> [Work item]
Retype the listing below line for line, but only from the line with "حقق المتسابق الإسباني" down to the line with "Relájate en este", inclusive. Pictures stay out.

> [Supplied data]
..........
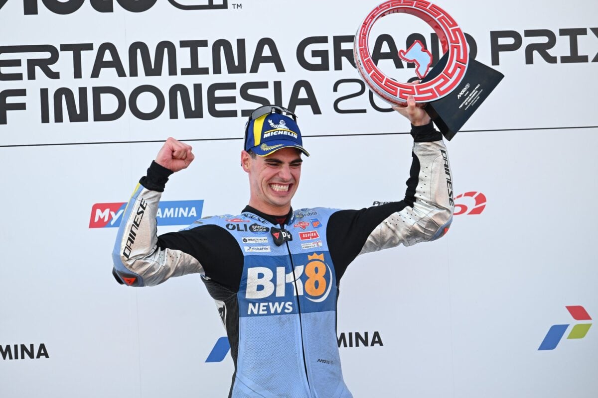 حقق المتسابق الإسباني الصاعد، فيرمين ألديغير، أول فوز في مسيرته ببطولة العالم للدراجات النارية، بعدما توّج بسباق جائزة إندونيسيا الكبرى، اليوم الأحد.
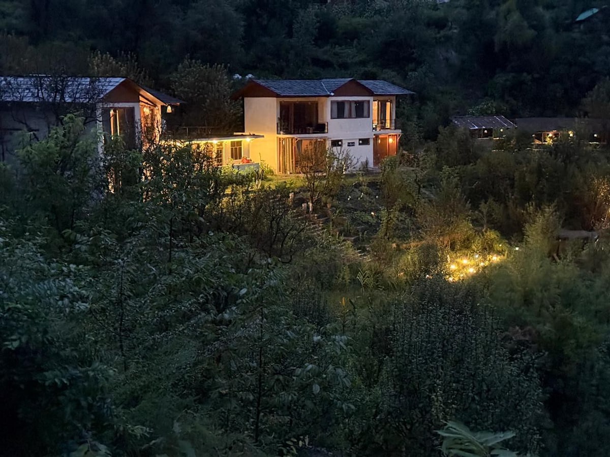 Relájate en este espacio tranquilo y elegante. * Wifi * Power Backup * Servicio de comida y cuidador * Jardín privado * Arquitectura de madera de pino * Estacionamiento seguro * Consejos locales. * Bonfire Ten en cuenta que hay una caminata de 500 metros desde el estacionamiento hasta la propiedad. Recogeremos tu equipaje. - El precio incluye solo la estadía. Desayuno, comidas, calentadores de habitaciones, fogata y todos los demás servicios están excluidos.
..........
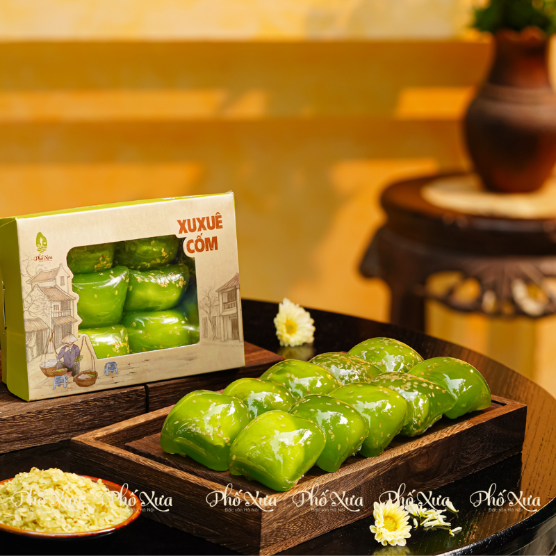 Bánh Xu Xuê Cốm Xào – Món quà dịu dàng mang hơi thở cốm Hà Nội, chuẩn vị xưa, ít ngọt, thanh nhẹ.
..........
> [Written solution]
 حقق المتسابق الإسباني الصاعد، فيرمين ألديغير، أول فوز في مسيرته ببطولة العالم للدراجات النارية، بعدما توّج بسباق جائزة إندونيسيا الكبرى، اليوم الأحد.
 Relájate en este espacio tranquilo y elegante. * Wifi * Power Backup * Servicio de comida y cuidador * Jardín privado * Arquitectura de madera de pino * Estacionamiento seguro * Consejos locales. * Bonfire Ten en cuenta que hay una caminata de 500 metros desde el estacionamiento hasta la propiedad. Recogeremos tu equipaje. - El precio incluye solo la estadía. Desayuno, comidas, calentadores de habitaciones, fogata y todos los demás servicios están excluidos.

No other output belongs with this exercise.